Ich habe ein Ähnliches system, einen Q6600@3,5ghz sowie eine Gtx 460 und die FPS fallen , egal welche einstellungen, in großen Kämpfen in Richtung 20fps. Falls du damit noch spielen kannst, wär es einen versuch wert. 
Eventuell müsstest du deinem Quad die Sporen geben und den zumindest auf 3,2ghz bringen, das sollte gegen die fps drops ein bischen helfen.


----------



## Ulami (9. Januar 2014)

*AW: Ist mein Sytem ausreichend für Planetside 2?*

Nachdem der Necro hier schon zugeschlagen hat...

Planetside2 war sehr schlecht optimiert.

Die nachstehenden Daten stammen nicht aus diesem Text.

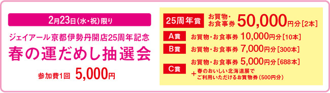 1等は5万円分のお買物券が当たる空くじなしのお得な抽選会を開催します。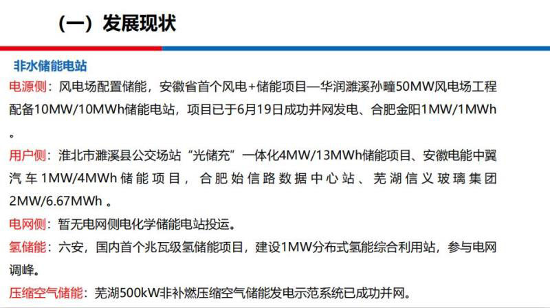 發(fā)展現(xiàn)狀和存在的問題,安徽實(shí)際上最重要的一個(gè)儲(chǔ)能形式是抽水蓄能,安徽的抽水蓄能建成的量、在建的量、規(guī)劃的量都是比較大的,加在一起是一個(gè)超過千萬級(jí)的綠色儲(chǔ)能基地。相對(duì)于抽水蓄能來講,安徽的化學(xué)儲(chǔ)能發(fā)展相對(duì)偏慢,當(dāng)然這主要是跟廣東、江蘇等發(fā)達(dá)地區(qū)來比。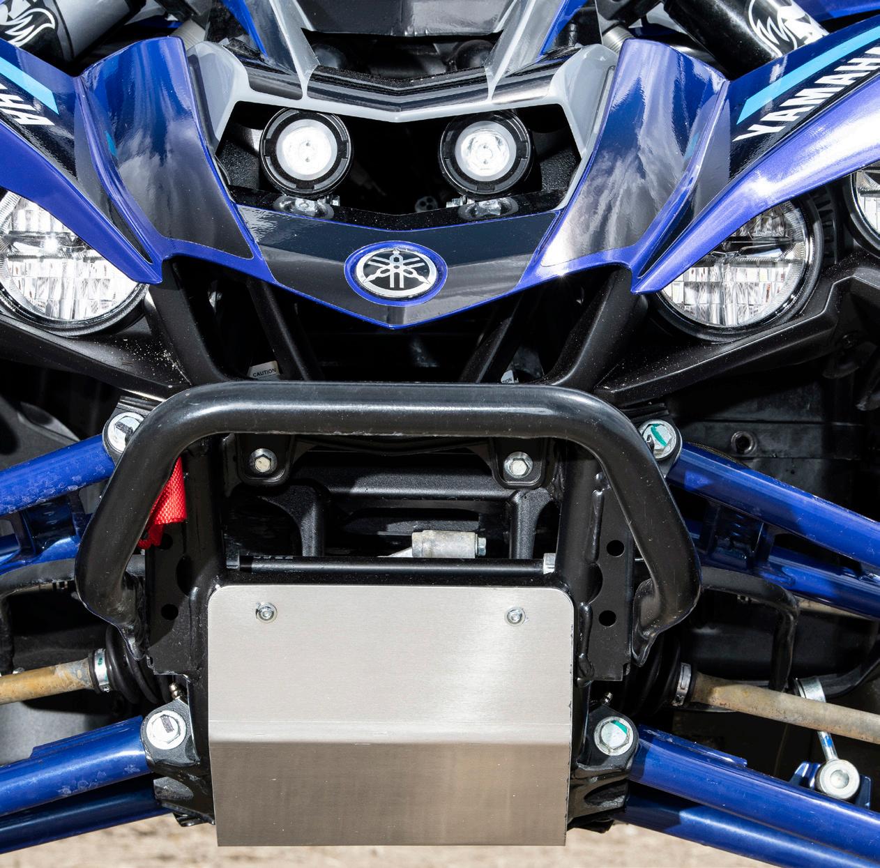 De YFM700R SE in Yamaha Black is uitgerust met speciale SE voetplaten en een SE grab bar. De YFM700R SE in Racing Blue beschikt over standaard voetplaten en een standaard grab bar.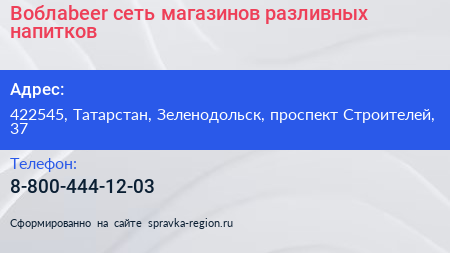 Воблаbeer, сеть магазинов разливных напитков по адресу 422545, Татарстан, Зеленодольск, проспект Строителей, 37 в дальнейшем Организация, размещена в следующих категориях:

Grafik auf Ultra is kein Thema, aber bei der Masse an Spielern (häufig hunderte auf einem Fleck) und ihrem Geballere ist die CPU fast immer die Bremse gewesen. Ende 2013 haben sies endlich geschafft, auch mal zwei Performance Updates rauszuhauen, die bei vielen auch wirklich was gebracht haben. Am Ende war das Setup aber immer Glück, manche liefen wesentlich besser als andere eigentlich stärkere.

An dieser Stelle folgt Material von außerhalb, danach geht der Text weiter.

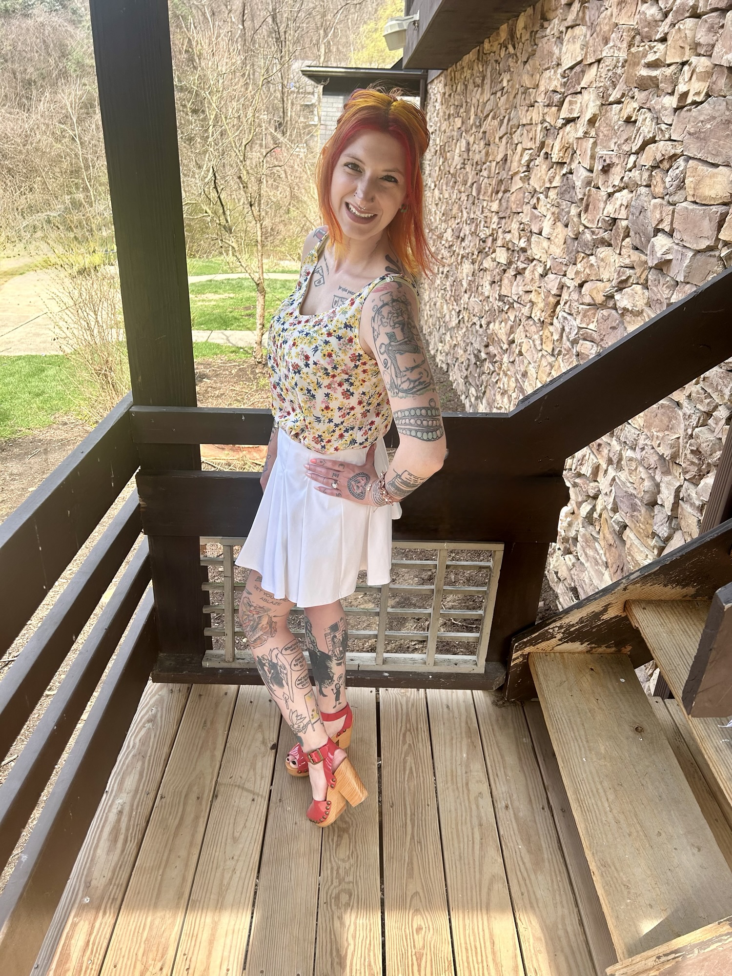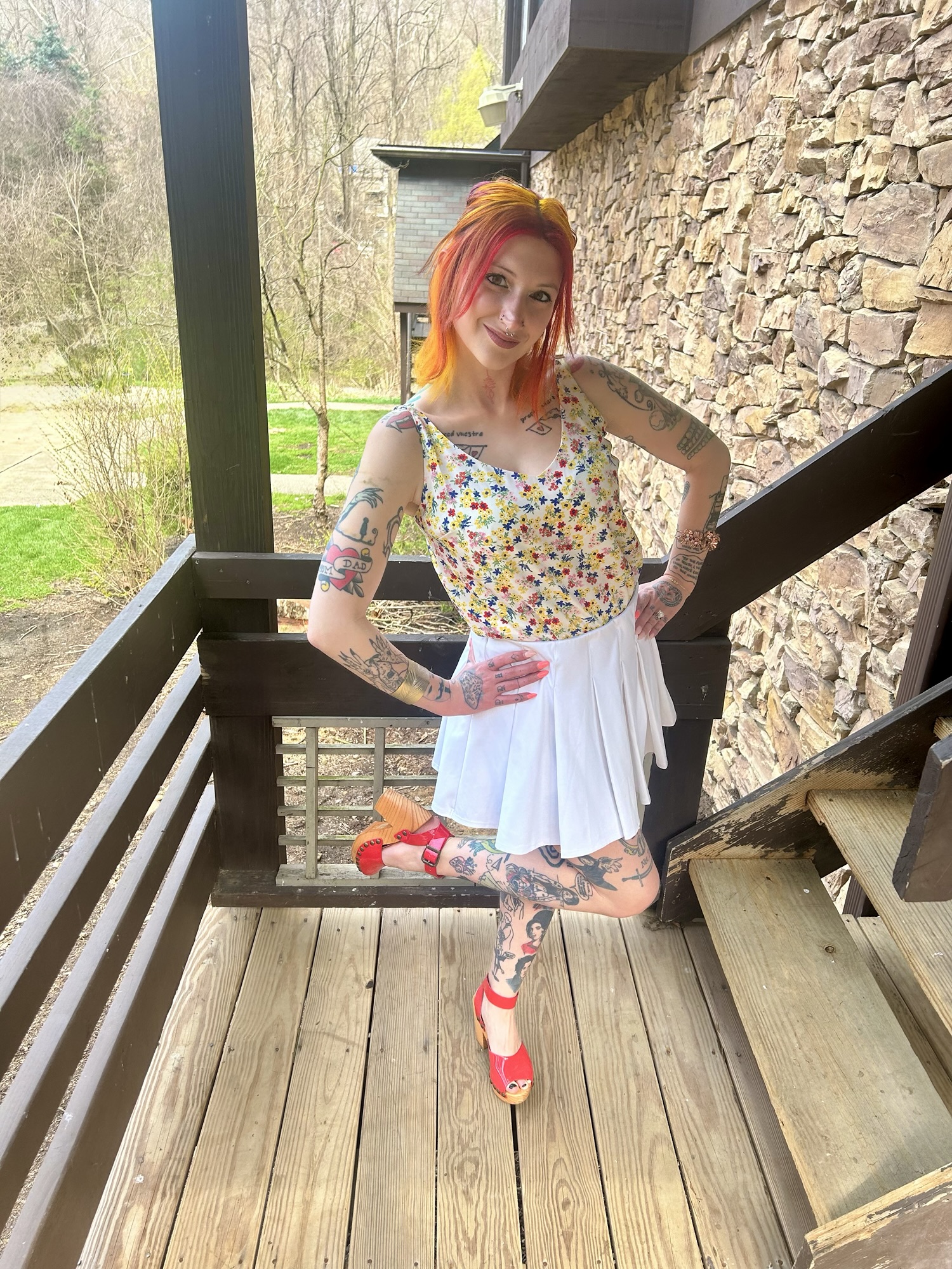 Next on the agenda was a skirt or skort and I picked one of my favorites by Kyodan. The skorts I own from this brand are meant to be worn playing tennis. I don’t play tennis nor do I have the desire to but this skort still serves! See what I did there? I freaking loves me a skort and actually just added a new one into my wardrobe. They are just right for being on the go and not worrying about a sneak peek of my underoos lol. This stark white skort made all of the pretty colors in the cami pop even harder and provides such delightful movement. I loved shimmying and shaking in it when I went to see The Struts last year! 😀

Bei mir persönlich hat der 2500k auf 4,3GHz für ein nicht competitive game gereicht. Häufig stabile 60, drops auf 20-30. Der 120Hz Monitor is aber eigentlich anderes gewöhnt.

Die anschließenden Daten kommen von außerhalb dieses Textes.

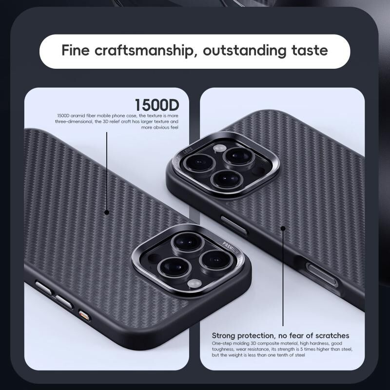 For iPhone 16 Carbon Fiber Kevlar MagSafe Magnetic Phone Case(Black)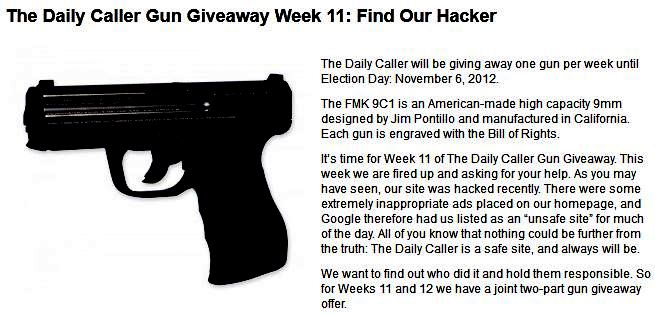 The Daily Caller web site is offering a free gun to anyone who can help them track down a hacker.

Spiel is ganz cool, solang man auf einem Server mit guten Leuten is. Wenn man nur die Futterfraktion(weil die anderen guten schon gegangen sind) des Servers is, vergehts einem aber auch schnell wieder. Das wirkliche Problem des Spiels ist, dass man jeden Tag von den Gleichen gefarmt wird oder immer die Newbs farmt. Bis das Equipment zusammen is, um sich zu wehren, sind die meisten schon wieder weg.


Tl;dr Gab zwei Performance Updates -> mal wieder reinschauen, obs nun besser läuft


----------